Фантастика 1977 - Владимир Щербаков 5 стр.


Я очнулся. Сон обрывался всегда не там, где нужно. Пели петухи, я понял, что уже скоро утро.

Я не увидел возмездия: как в ужасе убегали ливонцы, как, обманутые огнями, влетели в трясину, как отчаянно, «в пень» рубили их русские воины…

Тетя Проса, увидев меня на пороге, лукаво прищурилась.

— Опять сон расскажешь? Говори, говори…

Выслушав рассказ, хозяйка пытливо глянула на меня.

— А не сочиняешь ли ты часом?

Задумалась, негромко добавила: — О чем думаешь, то и снится. Наверно, ты наперво придумываешь сон, а потом смотришь его… Угадала?

Конечно, мои сны были просто грезами. Все началось еще в детстве. Шел второй год войны, стояла лютая и ветреная зима. Валенок у меня не было, в полях стреляли, мы с сестрой и братом совсем не выходили из дому.
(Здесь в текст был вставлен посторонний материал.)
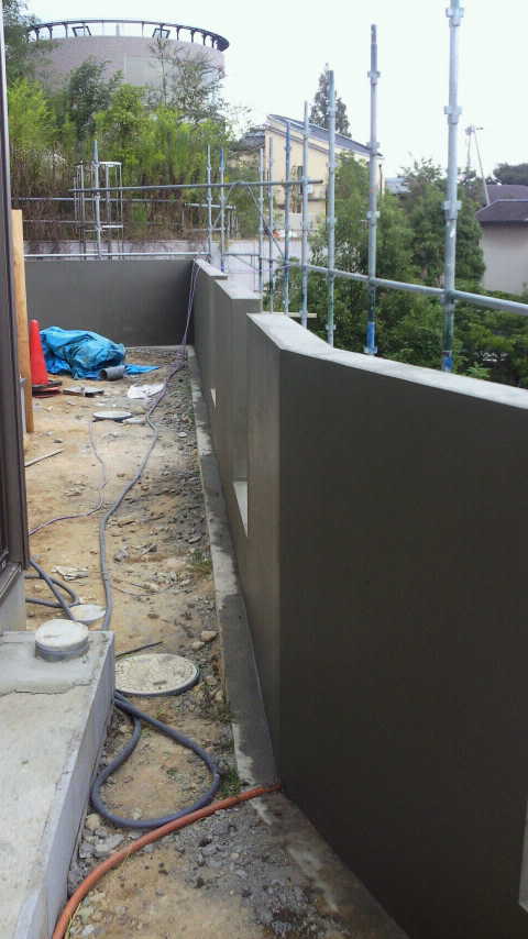 N氏から写真です。 本日、現場では電動シャッター、鋳物フェンスが取りつけられています。 でかーい電動シャッター。 下部は目隠しになっており、上部はステンレスパイプ。 この大きさが電動で動くのはスゴイですよ。

К нам тоже никто не приходил: дом стоял на отшибе, по крышу утонул в сугробах.

Читать я еще не умел, игрушек, кроме пулеметных гильз, у меня не было, по дому гулял холод, и почти все время я сидел на печи. С печи немного увидишь, да и смотреть было не на что.

Я лежал на печке, на красной, как знамя, подушке, смотрел на неоклеенный потолок. Узоры древесины мне казались то лесом, то озером, то пашнями и холмами.

Когда надоедало смотреть, я начинал грезить: представлял, как партизаны возьмут меня с собой, дадут маузер в деревянной коробке и увезут с собою в санях — рядом с тяжелым пулеметом.

Часто я представлял лето, как я бегу по траве, врываюсь в лес, а в лесу — забытое орудие со щитом. Я заряжаю орудие, бью через озеро по немецким машинам.

Грезы были легкими и летучими, как утренние облака тумана. Когда я болел, рядом со мной ложилась мать, рассказывала про свое детство, и я начинал представлять, что был тогда словно бы рядом с нею, бегал на мшары за ягодами, дразнил табаком гадюк, стрелял из тяжеленного шомпольного ружья.

Мать была партизанкой-проводницей. Часто она уходила, и в доме утверждался страх. Возвращалась мать только к утру.

На войне всегда страшно. Страшно было и в давние времена, хотя воевали тогда мечами, топорами, стреляли из неудобных пищалей и пушек…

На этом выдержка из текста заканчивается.